- Hybrid parentage: U. glabra × U. minor
- Cultivar: 'Ypreau'
- Origin: Belgium and northern France

= Ulmus × hollandica 'Ypreau' =

Elm cultivar

The hybrid elm cultivar Ulmus × hollandica 'Ypreau' is one of a number of cultivars arising from the crossing of the Wych Elm U. glabra with a variety of Field Elm U. minor.
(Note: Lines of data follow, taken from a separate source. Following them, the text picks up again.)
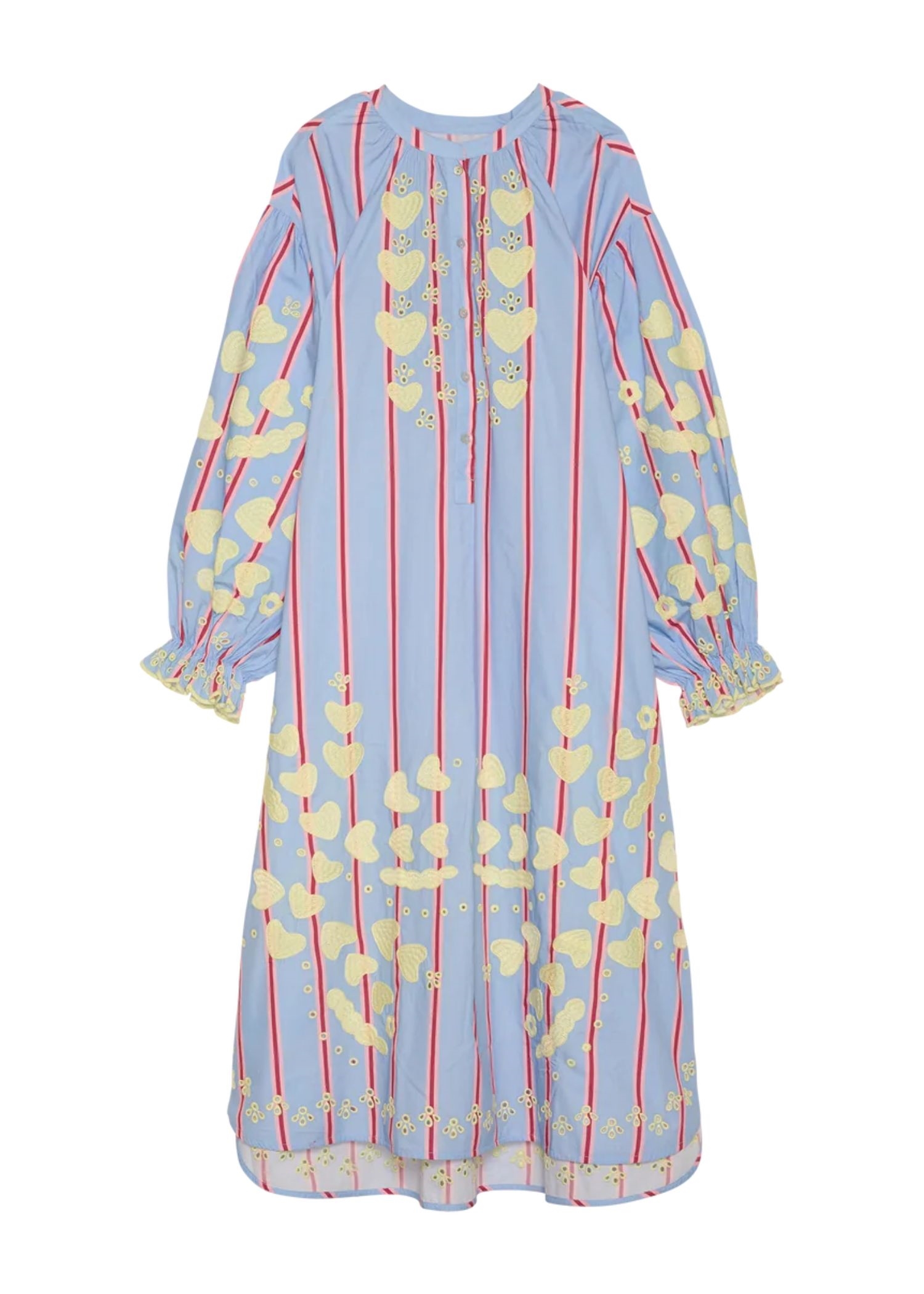 Elisabeth-kjolen fra Sissel Edelbo er en afslappet, men feminin kjole fremstillet i 100 % økologisk bomuldspoplin. Kjolen har sænkede skuldre og voluminøse ærmer med rynker og små manchetter ved ærmeåbningerne. Kraven har rynker omkring halsudskæringen, og perlemorsknapper er placeret på stolpelukningen foran. Der er lommer i sidesømmene. Kjolen er dekoreret med deres signatur-hjertebroderi, nænsomt placeret på brystet, ved kanten, på ærmeflæsen og nederst på kjolen.
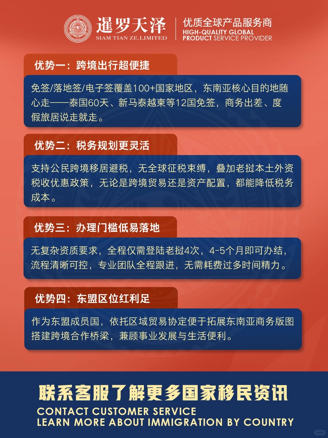 老挝护照|东南亚自由通行密钥,解锁“说走就走”的跨境生活 🧳 仅需4-5个月,即可手握老挝护照,畅行东南亚多国,轻松开启商务、旅行、居住多重可能!全程仅需登陆老挝4次,流程清晰可控,专业团队全程跟进,省心省力办妥所有手续。 老挝护照核心优势:出行、税务、门槛三重红利,解锁多元生活 1. 跨境出行超便捷:免签/落地签/电子签覆盖100+国家地区,东南亚核心目的地随心走——泰国60天、新马泰越柬等12国免签,商务出差、度假旅居说走就走。 2. 税务规划更灵活:支持公民跨境移居避税,无全球征税束缚,叠加老挝本土外资税收优惠政策,无论是跨境贸易还是资产配置,都能降低税务成本。 3. 办理门槛低易落地:无复杂资质要求,全程仅需登陆老挝4次,4-5个月即可办结,流程清晰可控,专业团队全程跟进,无需耗费过多时间精力。 4. 东盟区位红利足:作为东盟成员国,依托区域贸易协定,便于拓展东南亚商务版图,搭建跨境合作桥梁,兼顾事业发展与生活便利。
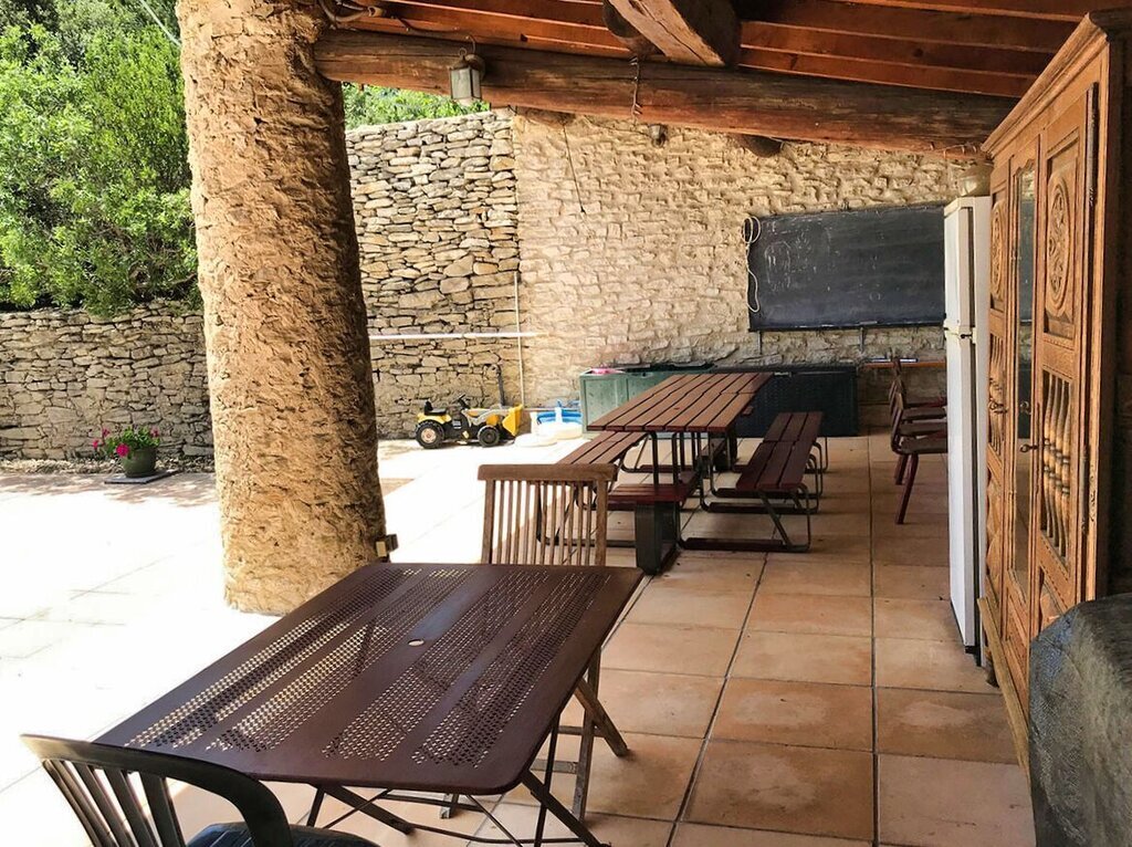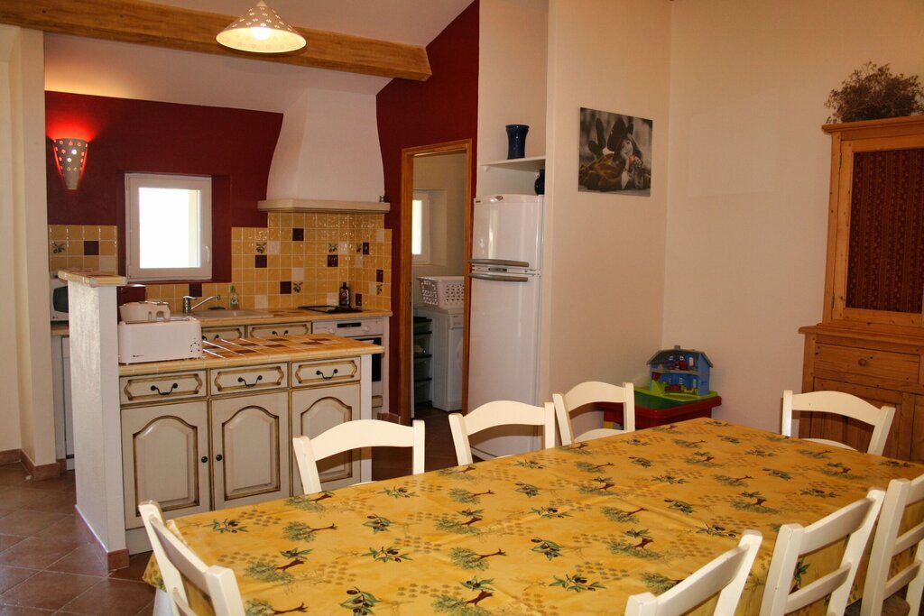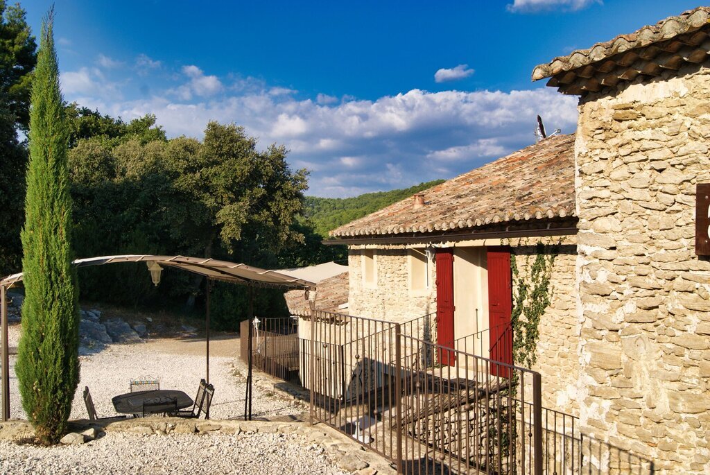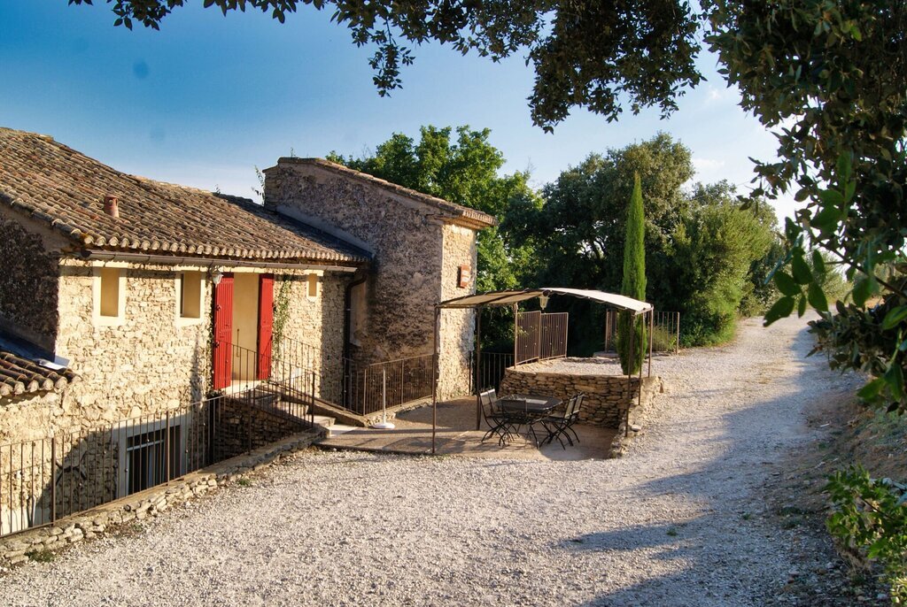 Ce gîte fait partie d'un grand mas provençal. Le domaine abrite un deuxième gîte, qui est loué chaque année à un homme seul. Les propriétaires habitent de l'autre côté du domaine.
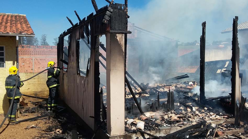 Uma residência com aproximadamente 30 metros quadrados no bairro Demboski foi totalmente destruída em um incêndio na manhã desta quinta-feira, dia 3. A casa era ocupada há dois meses por um casal e uma criança. A mãe, de 32 anos, e o menino, de um ano e cinco meses, estavam no local, mas saíram ao sentirem o cheiro da fumaça e conseguiram se salvar sem ferimentos. As causas são desconhecidas.
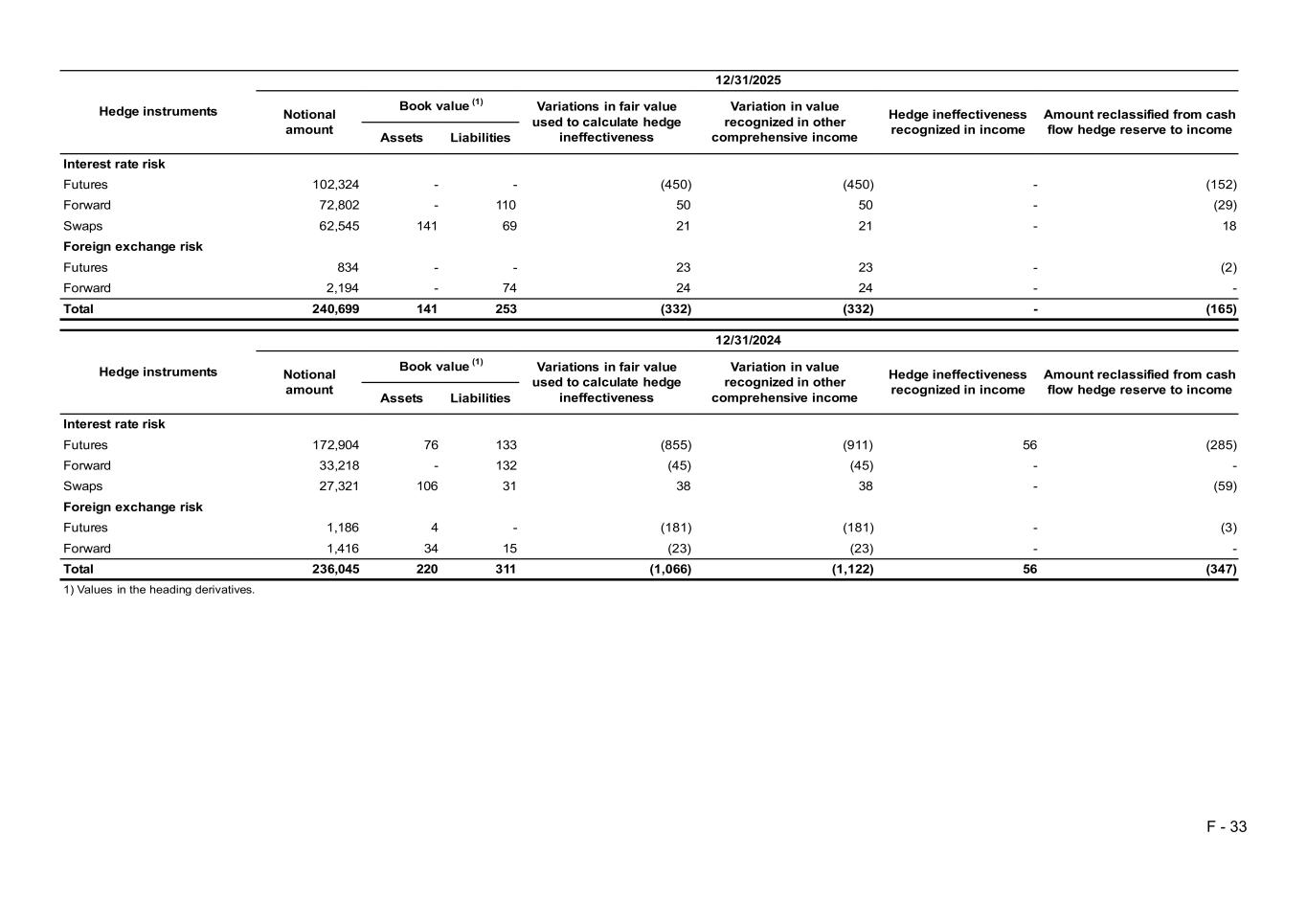 F - 33 Hedge instruments 12/31/2025 Notional amount Book value (1) Variations in fair value used to calculate hedge ineffectiveness Variation in value recognized in other comprehensive income Hedge ineffectiveness recognized in income Amount reclassified from cash flow hedge reserve to income Assets Liabilities Interest rate risk Futures 102,324 - - (450) (450) - (152) Forward 72,802 - 110 50 50 - (29) Swaps 62,545 141 69 21 21 - 18 Foreign exchange risk Futures 834 - - 23 23 - (2) Forward 2,194 - 74 24 24 - - Total 240,699 141 253 (332) (332) - (165) Hedge instruments 12/31/2024 Notional amount Book value (1) Variations in fair value used to calculate hedge ineffectiveness Variation in value recognized in other comprehensive income Hedge ineffectiveness recognized in income Amount reclassified from cash flow hedge reserve to income Assets Liabilities Interest rate risk Futures 172,904 76 133 (855) (911) 56 (285) Forward 33,218 - 132 (45) (45) - - Swaps 27,321 106 31 38 38 - (59) Foreign exchange risk Futures 1,186 4 - (181) (181) - (3) Forward 1,416 34 15 (23) (23) - - Total 236,045 220 311 (1,066) (1,122) 56 (347) 1) Values in the heading derivatives.
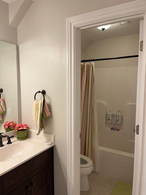 While planning the daughter's bathroom, we learned that storage would be key for the budding skincare guru, whose countless products were overtaking her current vanity. First we removed a partition between the shower and vanity area to make the small bath more cohesive. We added upper cabinets that extend from the counter to the ceiling, providing ample space for her many lotions and potions. This afforded a charming mirror inset with wall sconces and a much tidier counter top. The soft pink wallpaper speaks back to the bedroom, while sophisticated gold fixtures add a touch of elegance. One of our client's main requests was for shower selections that would be easy to clean, so it was out with tiny grout lines, and in with large-scale floor tiles and slabs in the walk-in shower. The finished bathroom strikes a balance between youthful charm and timeless style.
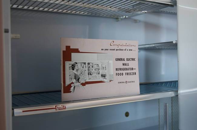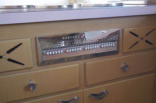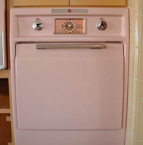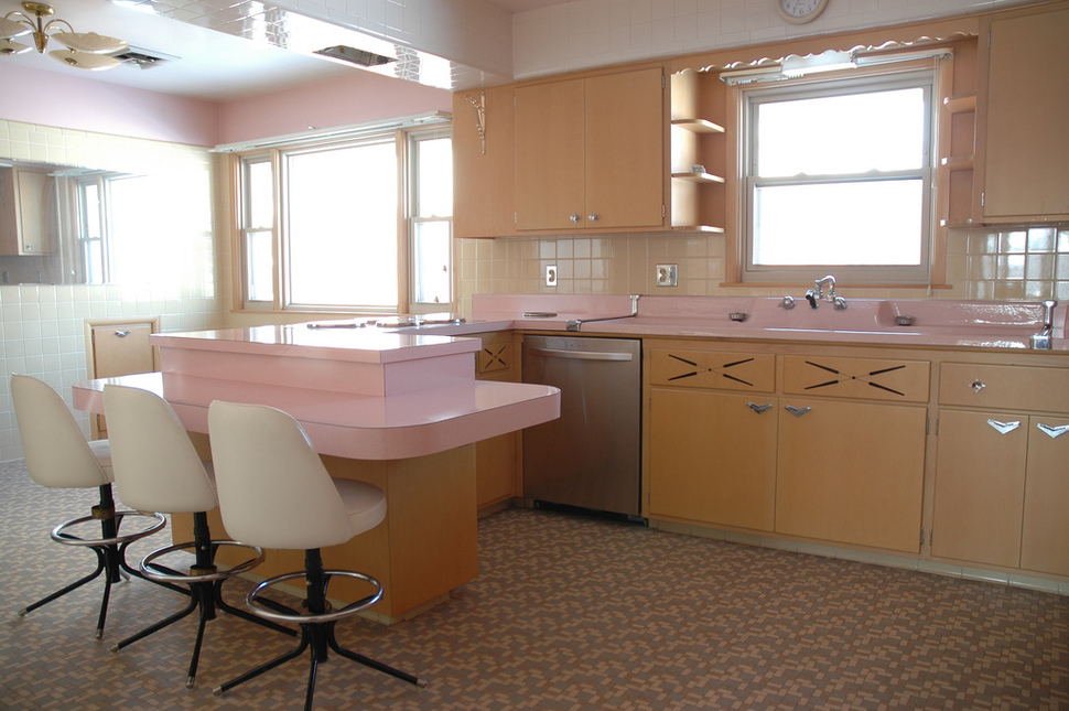 Stilul anilor ’50 este prezent peste tot, de la nuanțele de roz pastel, la butoanele și mânerele aparatelor electrocasnice.
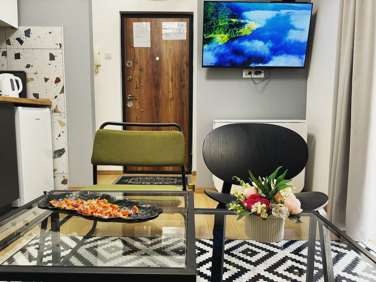 Quiet and cozy 1-bedroom apartment on the 3rd floor of a secure building with an elevator and surveillance cameras. Features a comfortable living room, fully equipped kitchen with dining area, bathroom, and a private balcony. Located in a quiet part of town, the apartment is still conveniently close to the city centre, shops, restaurants, and public transport. Whether you're visiting for work or a relaxing getaway, this apartment offers everything you need for a comfortable and enjoyable stay.
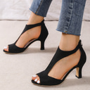 kvinners svarte utskårne peep-toe høye hæler – elegante sandaler med glidelås for fester og kveldsklær
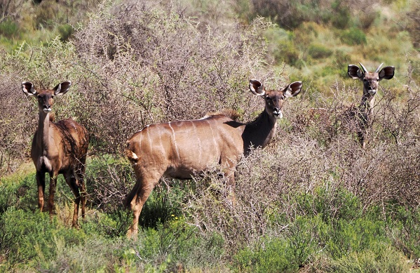 Neben den Rindern gibt es auch eine Menge Wildtiere zu entdecken, von denen wir sicher nur einen kleinen Teil gesehen haben. Kudus, Berg- und Vaal-Rehboks waren wohl schon immer hier unterwegs. Dazu kamen dann Weißschwanzgnus, Steppenzebras, Springböcke und Elenantilopen, die neu angesiedelt wurden. Raubtiere kamen nicht hinzu, so kann man heute hier problemlos wandern oder Mountainbike fahren.
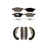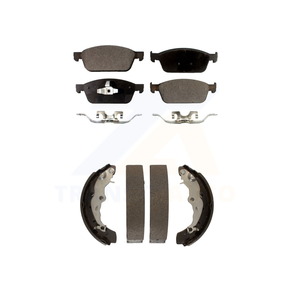 - INCLUDES: 1x Front Semi-Metallic Positive Plus Brake Pad Set (Hardware Included) + 1x Rear Top Quality Drum Brake Shoe Set
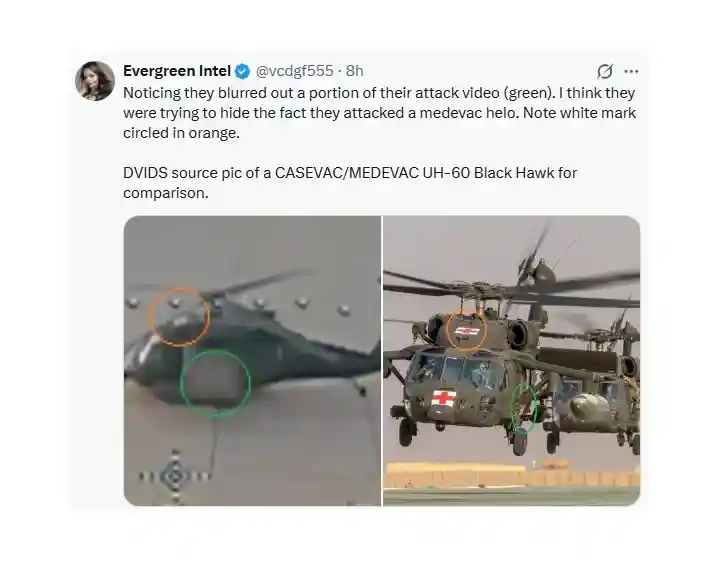 האנליסט השווה את הסימונים על המטוס לתמונות הזמינות לציבור של מסוקי UH-60 המצוידים לפינוי רפואי ואווירי, דבר המצביע על כך שייתכן שכלי הטייס הוא דגם HH-60M המשמש למשימות פינוי רפואי.
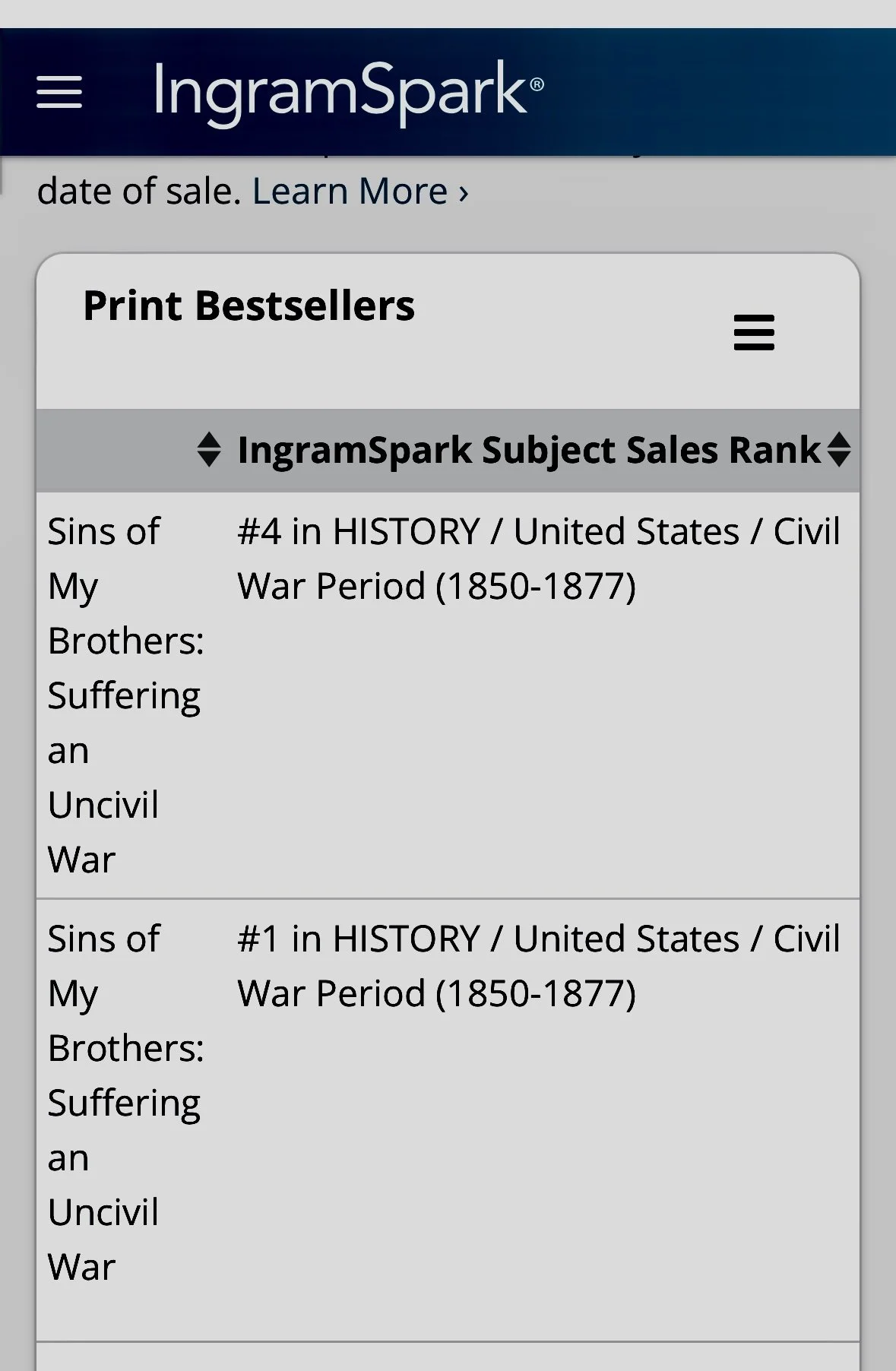 SINS OF MY BROTHERS was ranked #1 in sales for Civil War Period

The tree was first identified by Poederlé in Manuel De L'Arboriste Et Du Forestier Belgiques 266, 1772, as l'orme Ypreau.

==Description==
Poederlé's 'Ypreau' was distinguished solely by its Tilia-like leaves.

==Cultivation==
Poederlé's orme Ypreau may have been the same hybrid that was still called ypreau or ypereau in the Somme and Picardy areas in the late nineteenth century, which, according to R. H. Richens, was Ulmus × hollandica 'Major'. Richens concluded, on the basis of field studies, that Picardy was the provenance of the 'Dutch' elm planted in England. The latter also has large heart-shaped Tilia-like leaves.

==Etymology==
The word Ypreau or ypereau was first recorded in 1432 from the Pas-de-Calais area, and found its way into Cotgrave's French-English dictionary of 1611 as a name for a large-leafed elm, as distinct from the small-leaved types of Ulmus minor in northern France. It derives from a north German word for elm, ip or iper that became iep in Dutch and iperen in Frisian, and reached French from Flemish. The tree was once commonly planted in the region of Ypres, Belgium, but does not take its name from the town.

The cultivar name 'Ypreau' has also been given to varieties of Poplar and Willow, resulting in some confusion.